Heat-and-eat fully cooked meals were already popular prior to the COVID-19 pandemic. It did not take long after stay-at-home orders were put in place that many home cooks got tired of meal preparation, fueling the growth of warm-and-serve meat and poultry dishes. The challenge for many processors and foodservice operators is preparing these products in sufficient quantity to meet consumer demands, while ensuring their quality until dinner is served.


“Before the pandemic, customers were out and on-the-go, grabbing breakfast on the way to work, buying lunch while running errands or indulging in an after-school Slurpee treat,” said Robin Murphy, senior director of fresh foods, 7-Eleven Inc., Irving, Texas, which is now offering some of its most popular hot food items as ready to bake at home.


Options include cheese or pepperoni pizza, chicken tenders, buffalo and spicy bone-in wings, breaded boneless wings and Monterrey Jack chicken taquitos.


“That has all changed and people are home and eating together as families.

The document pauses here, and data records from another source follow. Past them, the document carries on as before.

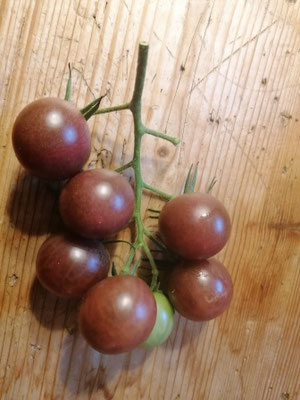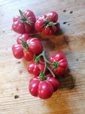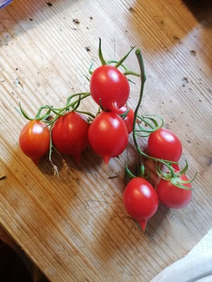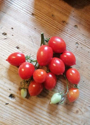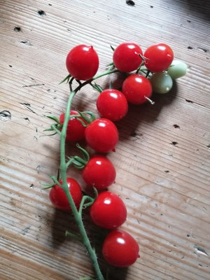 Ab August kann geerntet werden, die fleischigen Ochsenherzen und andere Sorten werden zu Sugos verarbeitet, die kleinen Naschtomaten genascht und generell alle Sorten in Salaten und mit Basilikum und Mozarella als "Caprese" vertilgt.
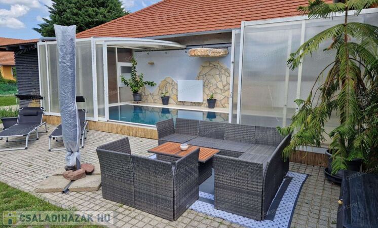 Egyszintes CSALÁDI HÁZ 126 nm-es alapterülettel, plusz 33,8 nm-es apartmannal, úszómedencével, duplagarázzsal és 1 műhelyként is használható garázzsal eladó.
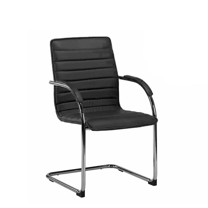 Посетителски стол RFG Sky M, екокожа, метална основа, до 120 kg, черен, 4 броя в комплект
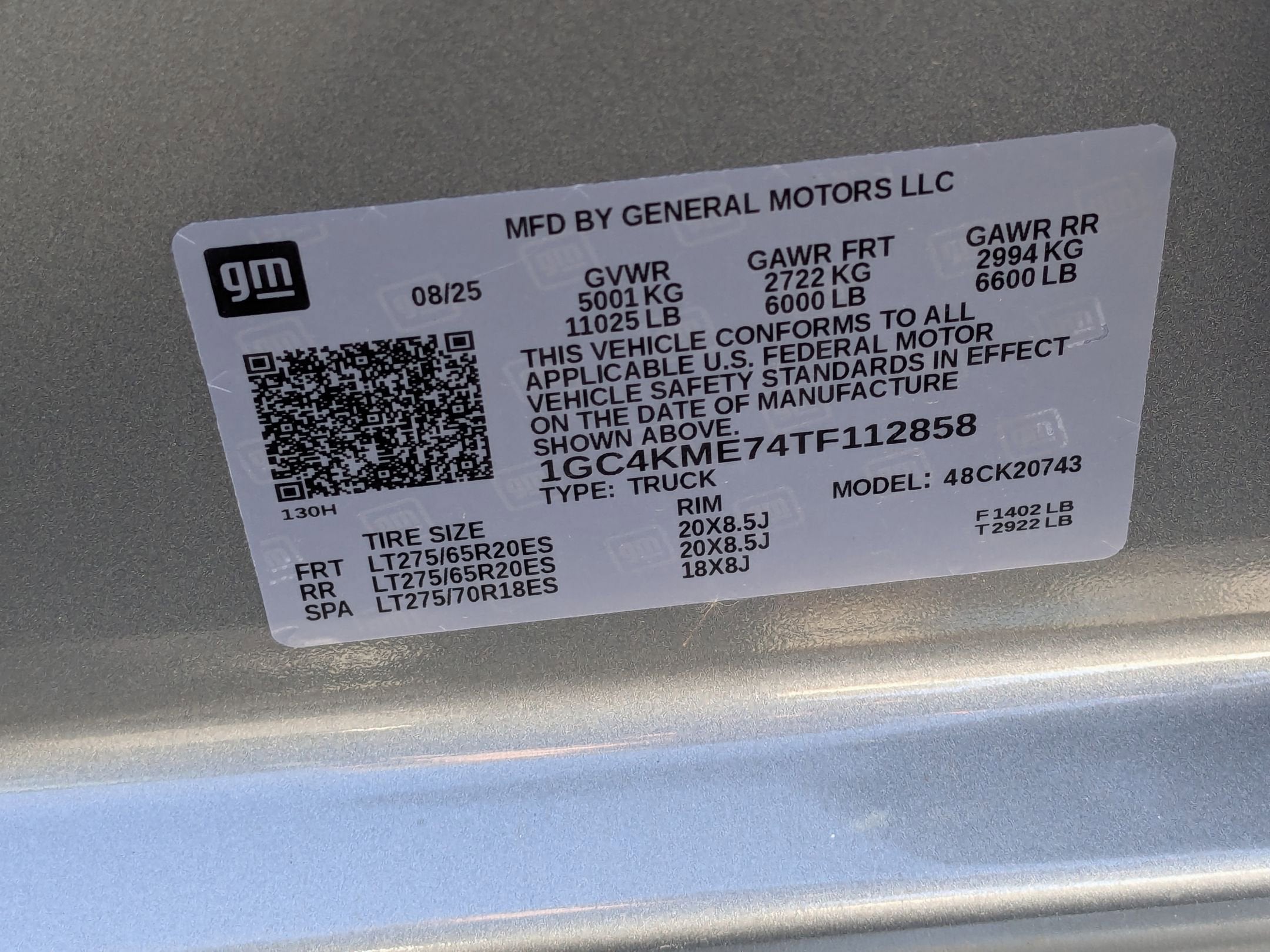 - 18" LT275/70R18 all-terrain, blackwall spare tire
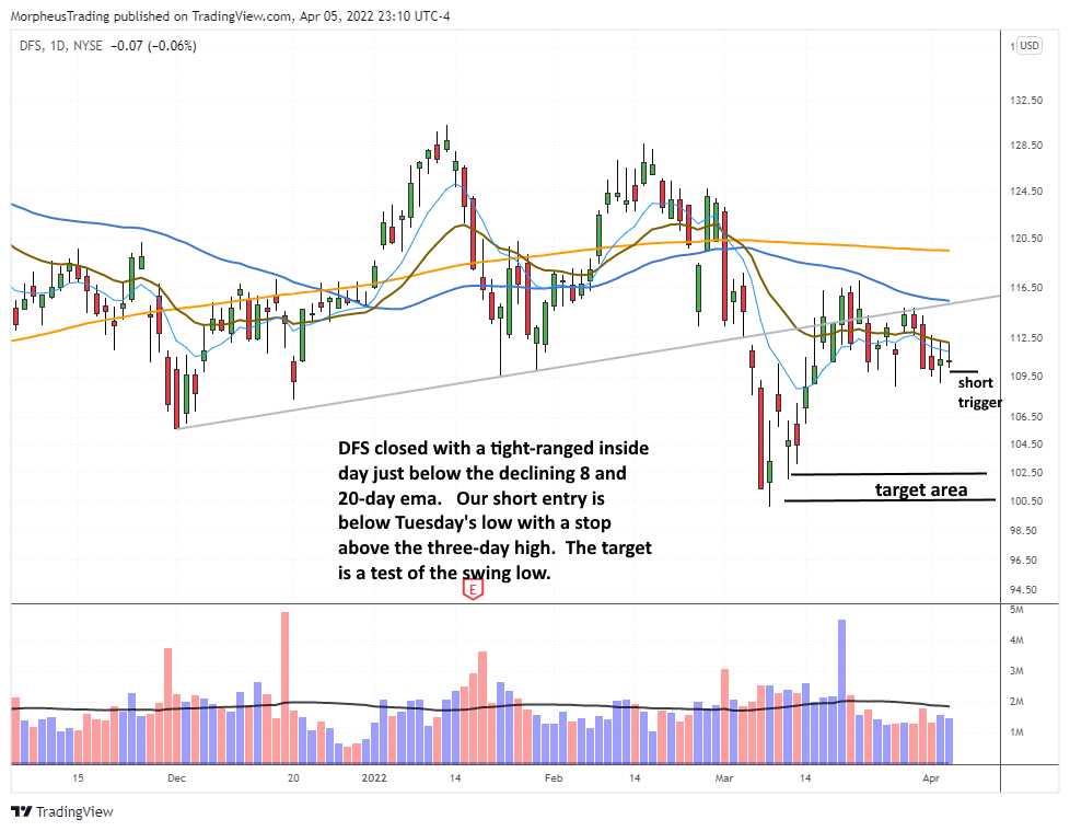 $DFS is forming a ledge, which is what we call basing action in a downtrend when the moving averages are stacked to the downside (20<50<200). The highs of the ledge stalled just below the declining 50-day MA and is now in chop mode setting lowers highs. Our entry is beneath the low of Tuesday’s tight-ranged inside day, with a protective stop above the three-day high.
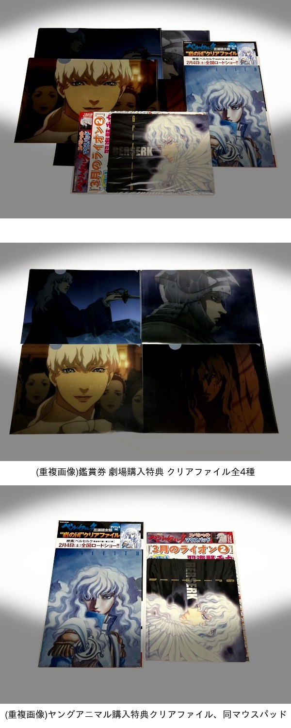 《 グリフィス メモリアルクリアファイル、ヤングアニマル店舗購入特典クリアファイル、マウスパッド 》 ベルセルク 激レア 希少 非売品 收藏
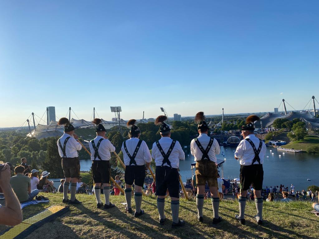 Im Rahmen der Eröffnungsfeier der ‚European Championships‘ (Europameisterschaften in neun Disziplinen) am 10. August 2022 im Münchner Olympiapark wirkten auch drei Gruppen aus den Reihen des Bayerischen Trachtenverbandes mit. So faszinierten kurz vor Sonnenuntergang oben auf dem Olympiaberg die Alphornbläser aus Altusried (Allgäuer Gauverband) die Zuschauer mit ihren beeindruckenden Klängen, gefolgt vom schneidigen Plattln der Bernauer Schuhplattler (Chiemgau-Alpenverband), die unten am Olympiasee auf der großen Bühne des ‚Central Roof‘ ihr Können demonstrierten und unter tosendem Applaus zur eigentlichen Eröffnung dieser großen Sportveranstaltung überleiteten. Beide Auftritte wurden im ZDF-Livestream übertragen und die vielen Zuschauer vor Ort und an den Bildschirmen zeigten sich begeistert von den Darbietungen der Trachtler. Abgerundet wurde der ‚boarische‘ Block von der Musikkapelle Bernau (Chiemgau-Alpenverband), die zusammen mit zahlreichen anderen Gruppen den Olympiapark zum Klingen brachte und damit den passenden Bogen spannte zu ‚50 Jahre Olympische Spiele 1972 in München‘, als die damaligen Musikanten dieser Blaskapelle bei der Eröffnungsfeier der Olympischen Spiele 1972 im Olympiastadion gemeinsam mit der Blaskapelle Ruhpolding die ‚Vereinigten-Kapelle‘ der damals ‚Vereinigten Bayerischen Trachtenverbände‘ bildeten und die Schuhplattler bei ihrem fulminanten Auftritt musikalisch begleiteten.
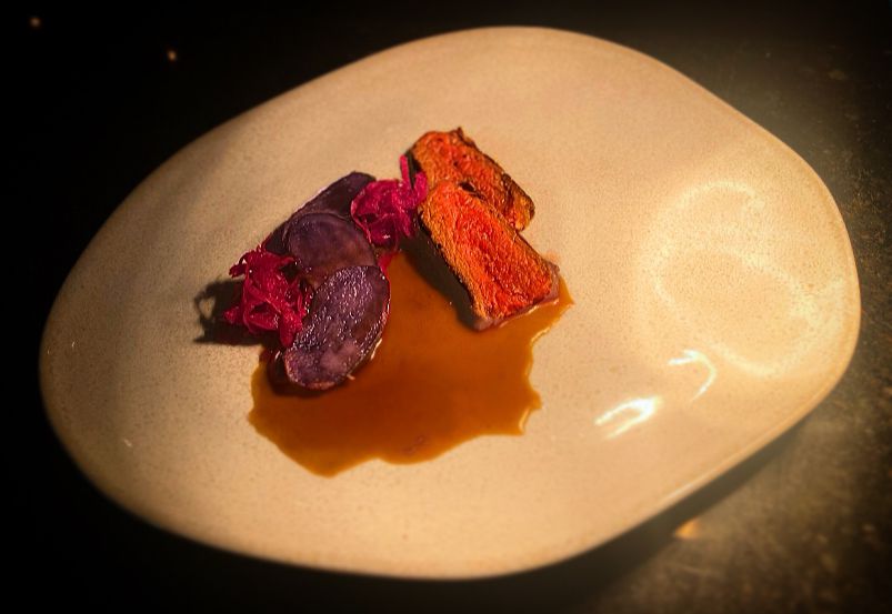 Bife de tira angus, glace de café, fermentado de repolho roxo e batata inglesa roxa

We can give them the convenience of picking up a couple of pizzas and wings to prepare when they are ready to enjoy them,” Murphy said.

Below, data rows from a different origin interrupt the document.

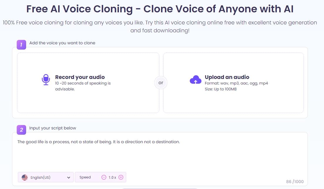 First of all recommendations is Vidnoz AI voice cloner developed by Vidnoz, an AI toolbox platform. It offers a wide selections of famous voices, enabling you to choose for voice cloning by text-to-speech or audio files. With it, you can clone voices of your favourite politicians like Donald Trump, business elites like Elon Musk, famous singer like Adele, Sports celebrities, popular actors and actresses, cyber influencers, cute ainme characters, etc, from worldwide, various fields.
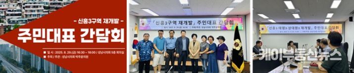 실제로 박 의원은 지난 8월 29일, 신흥3구역 주민대표들과 재개발과 간담회를 주선해 의견을 청취했으며, 9월 17일에는 태평3·상대원3구역 주민대표들과 함께 실무진과 면담을 추진하며 인센티브 기준 완화의 필요성을 직접 전달해왔다.
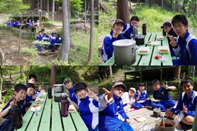 10時過ぎにはすべての班が食べ始めました。かなり上にあるテント設置場所まで行って食べているところもあります。みんなとても楽しそうです。
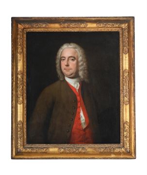 ENGLISH SCHOOL (18TH CENTURY) PORTRAIT OF A GENTLEMAN, TRADITIONALLY IDENTIFIED AS ROBERT EYRES OF CAVENHAM HOUSE, WEREHAM, NORFOLK Oil on canvas 75 x 62cm (29½ x 24¼ in.) Condition Report: The canvas has been lined, cleaned and re-varnished. Fine craquelure throughout, however the paint surface appears stable. Minor scuffs, surface dirt, and superficial surface scratching throughout. Rubbing and abrasions to the framing edges. Inspection under UV light reveals minor retouching and in-filling, together with a green cloudy varnish. Condition Report Disclaimer

Heating, freezing, exposure to oxygen during storage and reheating fully cooked meat products makes them susceptible to oxidation and warmed-over flavor development. One bad taste experience may result in one less customer.

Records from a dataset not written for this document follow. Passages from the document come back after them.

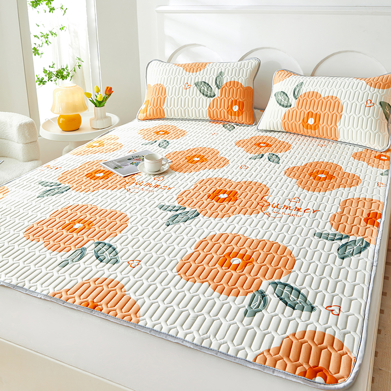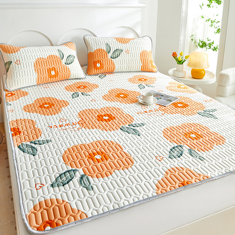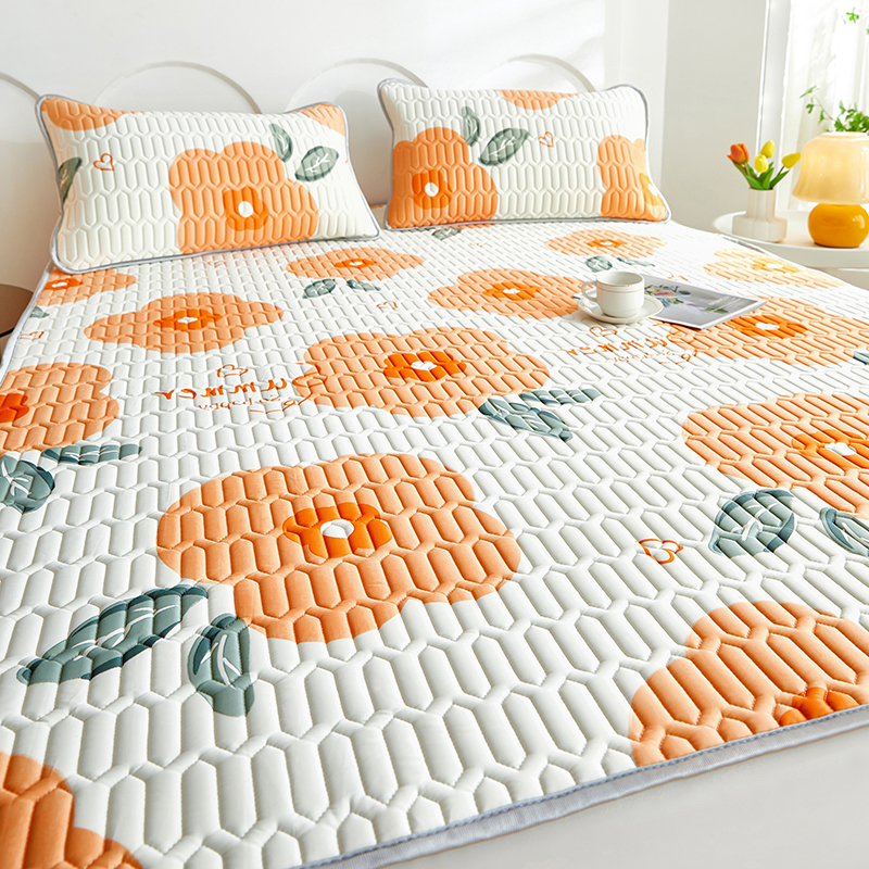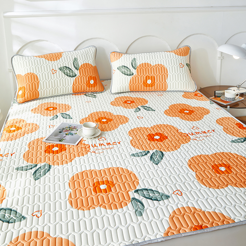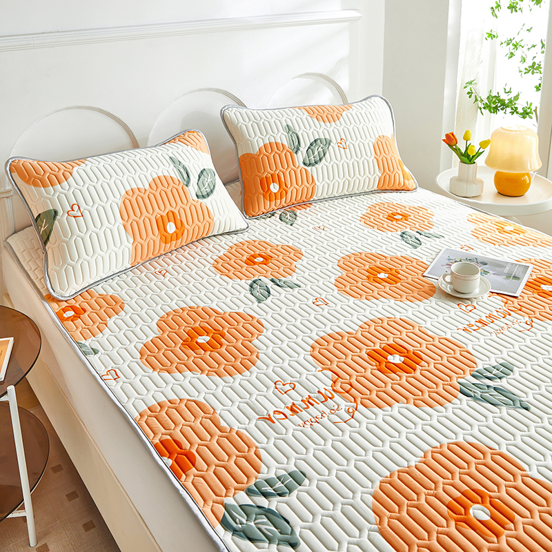 爱上家居 2024新款印花凉席床裙床单款夏被-床单款 橙色花朵
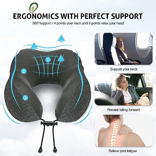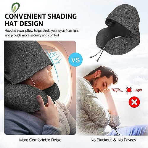 Jiancrate Cuscino da Viaggio Memory Foam, Cuscino Aereo Viaggio con Cappuccio, Comodo Cuscino Cervicale da Viaggio, Cuscino Collo Viaggio Portatile per Aereo, Auto, Treno, Casa, Ufficio
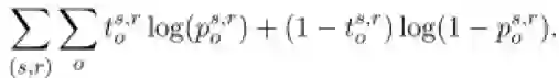其中:t^(s,r) 是一个one-hot向量。如果知识库中存在 <s, r, o> 这个三元组,t_o^(s,r) 值为1,否则 t_o^(s,r) 值为0。
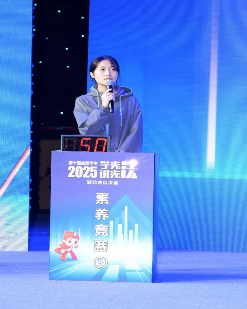(经管学院 蒋隽雅)近日,由湖北省教育厅主办的第十届全国学生“学宪法 讲宪法”素养竞赛湖北赛区决赛圆满落幕。我们法学学子王萌凭借深厚的宪法素养与出色的临场表现,从全省22所高校的精英选手中脱颖而出,力压华中科技大学、华中师范大学等强劲对手,斩获省赛第一名,并将作为湖北省高校组唯一选手参加全国总决赛。这是我们乃至襄阳市高校在该赛事中取得的历史最佳成绩,实现重大突破。

“A growing number of meat and poultry processors are exploring clean-label ingredients to protect product quality during shelf life,” said Courtney Schwartz, marketing director, Kemin Industries, Des Moines, Iowa. “Plants in the Lamiaceae family, such as rosemary, contain phenolic diterpenes that can serve as effective molecules to scavenge free radicals and delay oxidation in food applications. When rosemary extract is combined with green tea extract, a source of molecules known as catechins, the resulting natural plant extract blend can provide superior performance to stabilize meat products during shelf life.”